For this project, we would like to use the mobile price classification dataset as the source of data. The target of this project is to predict whether the price of a mobile phone is high or not.

<br />

### Tasks and Scope

#### 1) Data cleaning and analysis

  - Read through the table and the table column descriptions. Understand the meaning of each column in the table.
  - Distinguish the type of each attribute (e.g., nominal/categorical, numerical). You may need to discretise some attributes, when completing Task 2, 3 or 4.
  - Determine whether an attribute is relevant to your target variable. You may remove some attributes if they are not helpful for Task 2, 3, or 4. You might create separate data files for Task 2, 3 and 4.
  - Identify inconsistent data and take actions using the knowledge you have learnt in this unit.

#### 2) Association rule mining
  - Select a subset of the attributes (or all the attributes) to mine interesting patterns. To rank the degree of interesting of the rules extracted, use support, confidence and lift.
  - Explain the top k rules (according to lift or confidence) that have the "price_category” on the right-hand-side, where k >= 1.
  - Explain the meaning of the k rules in plain English.
  - Given the rules, what recommendation will you give to a company willing to design a high price mobile phone (e.g., should the mobile phone equipped with bluetooth)?

#### 3) Classification
  - Use the "price_category" as the target variable and train two classifiers based on different machine learning algorithms (e.g. classifier 1 based on a decision tree; classifier 2 based on SVMs).
  - Evaluate the classifiers based on some evaluation metrics (e.g., accuracy). You may use 10-fold cross-validation for the evaluation.

#### 4) Clustering
  - Run a clustering algorithm of your choice and explain how the results can be interpreted with respect to the target variable.

#### 5) Data reduction
  - Perform numerosity reduction and perform attribute reduction.
  - Train the two classifiers in Task 3 on the reduced data.
  - Answer the question: "Does data reduction improve the quality of the classifiers"?

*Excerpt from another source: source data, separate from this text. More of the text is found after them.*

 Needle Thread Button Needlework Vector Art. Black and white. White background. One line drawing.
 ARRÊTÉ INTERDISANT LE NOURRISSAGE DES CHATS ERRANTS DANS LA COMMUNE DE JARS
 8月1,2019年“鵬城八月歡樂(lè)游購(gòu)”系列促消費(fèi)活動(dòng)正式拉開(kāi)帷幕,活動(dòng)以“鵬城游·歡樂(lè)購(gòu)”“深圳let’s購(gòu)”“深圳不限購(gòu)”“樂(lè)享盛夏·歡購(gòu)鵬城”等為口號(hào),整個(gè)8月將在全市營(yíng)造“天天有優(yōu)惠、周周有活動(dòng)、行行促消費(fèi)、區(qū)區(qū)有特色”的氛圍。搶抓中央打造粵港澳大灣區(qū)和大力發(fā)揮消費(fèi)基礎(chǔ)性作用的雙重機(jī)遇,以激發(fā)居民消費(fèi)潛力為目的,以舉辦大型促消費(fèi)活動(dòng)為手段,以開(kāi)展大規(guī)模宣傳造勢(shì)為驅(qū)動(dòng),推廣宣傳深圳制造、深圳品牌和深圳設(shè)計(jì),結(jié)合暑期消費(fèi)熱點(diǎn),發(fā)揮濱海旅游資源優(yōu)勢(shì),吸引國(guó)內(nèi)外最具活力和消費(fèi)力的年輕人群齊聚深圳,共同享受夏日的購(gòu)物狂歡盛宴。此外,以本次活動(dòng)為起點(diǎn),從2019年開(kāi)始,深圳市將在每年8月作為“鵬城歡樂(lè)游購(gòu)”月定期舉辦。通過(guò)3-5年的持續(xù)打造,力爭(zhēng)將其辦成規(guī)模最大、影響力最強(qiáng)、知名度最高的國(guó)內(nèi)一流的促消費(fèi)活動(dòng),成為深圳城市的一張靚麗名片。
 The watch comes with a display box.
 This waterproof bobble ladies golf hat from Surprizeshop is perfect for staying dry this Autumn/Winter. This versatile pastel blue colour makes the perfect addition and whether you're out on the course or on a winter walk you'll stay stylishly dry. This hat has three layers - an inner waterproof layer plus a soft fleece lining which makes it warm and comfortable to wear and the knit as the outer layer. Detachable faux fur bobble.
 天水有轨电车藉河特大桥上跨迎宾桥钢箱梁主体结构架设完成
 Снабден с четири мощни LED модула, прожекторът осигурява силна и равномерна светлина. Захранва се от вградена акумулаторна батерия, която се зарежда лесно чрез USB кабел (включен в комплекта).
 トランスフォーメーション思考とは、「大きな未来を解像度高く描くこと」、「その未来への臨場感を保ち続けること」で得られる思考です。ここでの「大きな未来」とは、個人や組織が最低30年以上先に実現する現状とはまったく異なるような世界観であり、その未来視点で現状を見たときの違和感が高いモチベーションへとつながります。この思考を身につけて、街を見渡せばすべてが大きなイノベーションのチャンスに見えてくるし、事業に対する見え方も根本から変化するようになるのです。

#### 6) Attribute selection
  - Select the top-10 most important attributes manually based on your understanding of the problem; select the top-10 most important attributes based on Information Gain.
  - Which attribute selection method is better and why?

<br />

### Tools, Libraries and Packages

Python - Using throughout the project for data cleaning, data processing, and modelling.
Weka - Used a discrepency check (to ensure we receive the same values)

#### Imports

In [2]:
pip install pandas-profiling[notebook] --user

Note: you may need to restart the kernel to use updated packages.


'C:\Users\Max' is not recognized as an internal or external command,
operable program or batch file.


In [5]:
pip install mlxtend --user

Note: you may need to restart the kernel to use updated packages.


'C:\Users\Max' is not recognized as an internal or external command,
operable program or batch file.


In [9]:
# Data analysis, manipulation, and profiling
import pandas as pd
import numpy as np
from pandas_profiling import ProfileReport

# Visualization
import matplotlib.pyplot as plt
import seaborn as sns
sns.set_style("darkgrid", {"axes.facecolor": ".9"})

# Association Rule Mining
from mlxtend.frequent_patterns import apriori, association_rules

# Training Setup
from sklearn.model_selection import train_test_split
from sklearn.pipeline import Pipeline

# Training Preprocessing
from sklearn.preprocessing import StandardScaler
from sklearn.decomposition import PCA

# Training Classifiers
from sklearn.linear_model import LogisticRegression
from sklearn.tree import DecisionTreeClassifier
from sklearn.ensemble import RandomForestClassifier

# Optimization
from sklearn.model_selection import GridSearchCV

<br >

## <u>Data Cleaning and Profiling</u>

There are many different ways to perform data cleaning and profiling. For this process (in Project 2) we will be using an IPython Notebook, for the following reasons:

- The anaylsts are proficient in Python;
- The report can be integrated with code for specific sections of the analysis;
- The processes / procedures are highly repeatable and easily automated using scripts;
- Data exploration and anomaly detection can easily be performed through a variety of visualizations (charts, graphs, tables, etc);

The packages that will be used are built-in the Anaconda package, except for `pandas_profiling` from https://github.com/pandas-profiling/pandas-profiling which is used for doing detailed exploratory analysis of data.
Data profiling is important to measure the quality of data, which in turn assists greately in the determination of data anomalies/inconsistencies, and as such, necessary data transformations.
The data profiling reports will be generated with Pandas Profiling, and SSIS. Portions of these reports will be reference in our project discussion, with the resource/s (data profiling reports) attached as an Appendix.

<br />

In [12]:
raw_data = pd.read_csv("./data/raw/mobile_price.csv")
raw_metadata = pd.read_excel("./data/raw/ColumnDescription.xlsx", index_col="Column")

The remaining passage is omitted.